## Activity:
When you repeat the entries below, keep each word exactly as it is and drop the pictures.
- - - - - - -
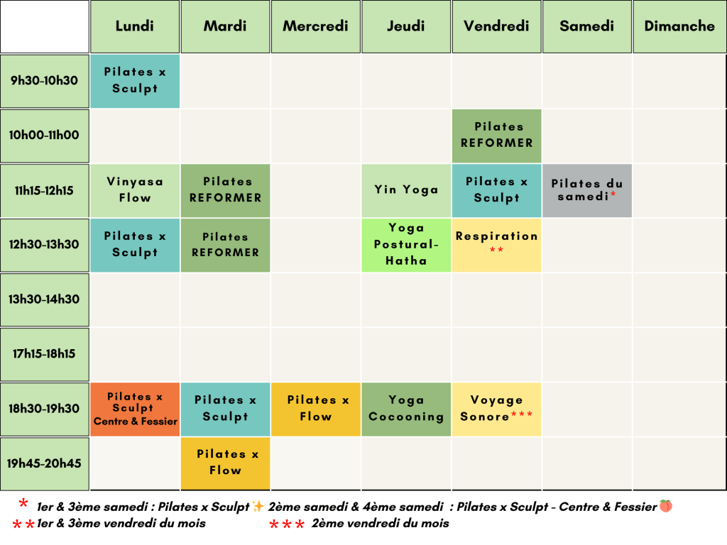 Les séances de Pilates Reformer et Dynamique sont à réserver en ligne. ⚠ Les cours à l’unité, les packs de cours et les abonnements sont soumis à la même politique d’annulation, soit, une annulation sans frais jusqu’à 10 heures avant le début de la séance. Au delà de ce délai ou en cas d’absence sur le cours réservé, le crédit sera PERDU.
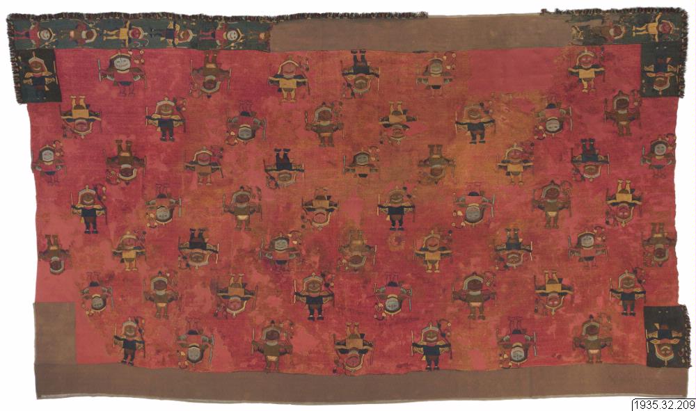 figurer i olikfärgat ullgarn. Broderierna i stjälkstygnsteknik. Längst långsidorna rester av en 12 cm bred bård av bomullsväv i tuskaftsteknik, helt täckt av broderier i ullgarn (samma motiv som på den röda manteln, på mörkblåbotten) Längst bården och c:a 27 cm. runt hörneen finns rester av en 2 cm bred frans i olikfärgade ullgarner utanför 6 rader "kedjestygn" av mörkblått ullgarn med S-formade figurer i olika färger. I tre av hörnen på den röda vävnaden finns broderade mörkblå fyrkanter, 21x15,5 cm. med samma motiv som på manteln. Garn s-z ullgarn, 2-blå, 3 röda, 2 bruna, 2 gula nyanser och mörkblått.
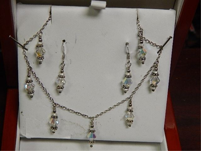 NECKLACE AND EARING SET -SILVER AND SWAROVSKI CRYSTALS - RETAIL APPROX. $150.00
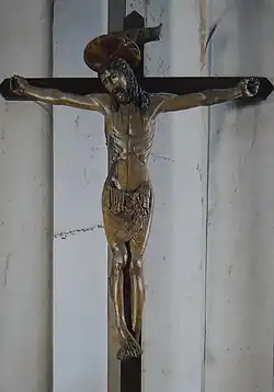 Positioned to the right of the entrance to the chancel, it is the work of an unknown master carver of the late 15th century. The workmanship of the wooden artifact denotes great technical mastery and capacity for sentimental rendering: the limbs of Jesus are firm and placid, and a strong symmetry prevails on the sculpture, clearly evident in the identical regularity of the two arms spread apart.
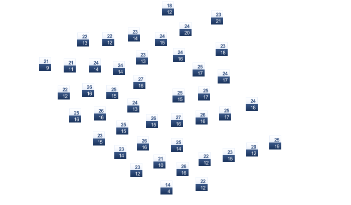 | 24 | 26 | 27 | 30 | 33 | 34 | 34 | 34 | 31 | 28 | 27 | 25 |
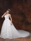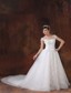 Off-the-shoulder Chapel Train Beading and Appliques Bridal Dress MDCHXQD091213
- - - - - - -
## Final answer:
 Les séances de Pilates Reformer et Dynamique sont à réserver en ligne. ⚠ Les cours à l’unité, les packs de cours et les abonnements sont soumis à la même politique d’annulation, soit, une annulation sans frais jusqu’à 10 heures avant le début de la séance. Au delà de ce délai ou en cas d’absence sur le cours réservé, le crédit sera PERDU.
 figurer i olikfärgat ullgarn. Broderierna i stjälkstygnsteknik. Längst långsidorna rester av en 12 cm bred bård av bomullsväv i tuskaftsteknik, helt täckt av broderier i ullgarn (samma motiv som på den röda manteln, på mörkblåbotten) Längst bården och c:a 27 cm. runt hörneen finns rester av en 2 cm bred frans i olikfärgade ullgarner utanför 6 rader "kedjestygn" av mörkblått ullgarn med S-formade figurer i olika färger. I tre av hörnen på den röda vävnaden finns broderade mörkblå fyrkanter, 21x15,5 cm. med samma motiv som på manteln. Garn s-z ullgarn, 2-blå, 3 röda, 2 bruna, 2 gula nyanser och mörkblått.
 NECKLACE AND EARING SET -SILVER AND SWAROVSKI CRYSTALS - RETAIL APPROX. $150.00
 Positioned to the right of the entrance to the chancel, it is the work of an unknown master carver of the late 15th century. The workmanship of the wooden artifact denotes great technical mastery and capacity for sentimental rendering: the limbs of Jesus are firm and placid, and a strong symmetry prevails on the sculpture, clearly evident in the identical regularity of the two arms spread apart.
 | 24 | 26 | 27 | 30 | 33 | 34 | 34 | 34 | 31 | 28 | 27 | 25 |
 Off-the-shoulder Chapel Train Beading and Appliques Bridal Dress MDCHXQD091213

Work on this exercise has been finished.